Rescue workers struggled to reach some of the worst-hit areas, held back by destroyed roads, poor weather and a lack of resources and heavy equipment. Some areas were without fuel and electricity.

Watch: The death toll from the devastating earthquake that hit #Turkey and #Syria continues to rise as more bodies are pulled from the rubble of damaged and collapsed buildings. https://t.co/M0DafdQQhq pic.twitter.com/3b3ybJE3Cw

— Al Arabiya English (@AlArabiya_Eng) February 7, 2023

With little immediate help at hand, residents picked through rubble sometimes without even basic tools in a desperate hunt for survivors.

Aid officials voiced particular concern about the situation in Syria, already afflicted by a humanitarian crisis after nearly 12 years of civil war.

Erdogan declared 10 Turkish provinces a disaster zone and imposed a state of emergency for three months that will permit the government to bypass parliament in enacting new laws and to limit or suspend rights and freedoms.

A woman reacts while embracing another person, near rubble following an earthquake in Hatay, Turkey, February 7, 2023. (Reuters)

The government will open up hotels in the tourism hub of Antalya to temporarily house people impacted by the quakes, said Erdogan, who faces a national election in three months’ time.

The death toll in Turkey rose to 5,894, Vice President Fuat Oktay said.

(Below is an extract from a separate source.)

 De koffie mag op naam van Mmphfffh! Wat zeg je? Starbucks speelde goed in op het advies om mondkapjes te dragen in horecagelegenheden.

More than 34,000 were injured. In Syria, the toll was at least 1,932, according to the government and a rescue service in the insurgent-held northwest.

‘Every minute, every hour’

Turkish authorities say some 13.5 million people were affected in an area spanning roughly 450 km (280 miles) from Adana in the west to Diyarbakir in the east, and 300 km from Malatya in the north to Hatay in the south.

Syrian authorities have reported deaths as far south as Hama, some 250 km from the epicenter.

“It’s now a race against time,” World Health Organization Director General Tedros Adhanom Ghebreyesus said in Geneva.

“Every minute, every hour that passes, the chances of finding survivors alive diminishes.”

People stand in front of collapsed buildings following an earthquake in Kahramanmaras, Turkey February 6, 2023. (Reuters)

Across the region, rescuers toiled night and day as people waited in anguish by mounds of rubble clinging to the hope that friends, relatives and neighbors might be found alive

In Antakya, capital of Hatay province bordering Syria, rescue teams were thin on the ground and residents picked through debris themselves. People pleaded for helmets, hammers, iron rods and rope.

More than 12,000 Turkish search and rescue personnel are working in the affected areas, along with 9,000 troops. More than 70 countries offered rescue teams and other aid.

But the sheer scale of the disaster is daunting.

“The area is enormous. I haven’t seen anything like this before,” said Johannes Gust, from Germany’s fire and rescue service, as he loaded equipment onto a truck at Adana airport.

Turkey’s Disaster and Emergency Management Authority said 5,775 buildings had been destroyed in the quake and that 20,426 people had been injured.

Watch: A young boy is pulled out from underneath the ruins of his home in #Syria’s Aleppo after a major #earthquake hit the country and neighboring #Turkey. https://t.co/DpUH16cblJ pic.twitter.com/uv8JrW3TJU

— Al Arabiya English (@AlArabiya_Eng) February 7, 2023

Two US Agency for International Development teams with 80 people each and 12 dogs are set to arrive Wednesday morning in Turkey and head to the southeastern province of Adiyaman to focus on urban search and rescue.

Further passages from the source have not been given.